***** DATA FOR THIS TASK

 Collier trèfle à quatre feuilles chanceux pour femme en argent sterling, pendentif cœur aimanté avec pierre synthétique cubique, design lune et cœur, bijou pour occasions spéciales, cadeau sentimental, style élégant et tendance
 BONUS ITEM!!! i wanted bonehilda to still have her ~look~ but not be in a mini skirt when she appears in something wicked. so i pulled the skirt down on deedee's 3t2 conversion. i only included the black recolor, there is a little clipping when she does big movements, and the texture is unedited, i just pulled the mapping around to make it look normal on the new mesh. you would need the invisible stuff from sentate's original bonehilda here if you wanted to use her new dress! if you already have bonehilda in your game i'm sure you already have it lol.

**********
***** DATA FOR THIS TASK

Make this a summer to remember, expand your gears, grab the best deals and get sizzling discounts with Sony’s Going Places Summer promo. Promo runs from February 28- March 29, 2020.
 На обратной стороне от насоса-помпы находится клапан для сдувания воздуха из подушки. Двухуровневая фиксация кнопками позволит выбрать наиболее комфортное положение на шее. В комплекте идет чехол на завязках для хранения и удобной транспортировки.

**********

Copy all lines of the preceding data that hold the word "your".

 BONUS ITEM!!! i wanted bonehilda to still have her ~look~ but not be in a mini skirt when she appears in something wicked. so i pulled the skirt down on deedee's 3t2 conversion. i only included the black recolor, there is a little clipping when she does big movements, and the texture is unedited, i just pulled the mapping around to make it look normal on the new mesh. you would need the invisible stuff from sentate's original bonehilda here if you wanted to use her new dress! if you already have bonehilda in your game i'm sure you already have it lol.
Make this a summer to remember, expand your gears, grab the best deals and get sizzling discounts with Sony’s Going Places Summer promo. Promo runs from February 28- March 29, 2020.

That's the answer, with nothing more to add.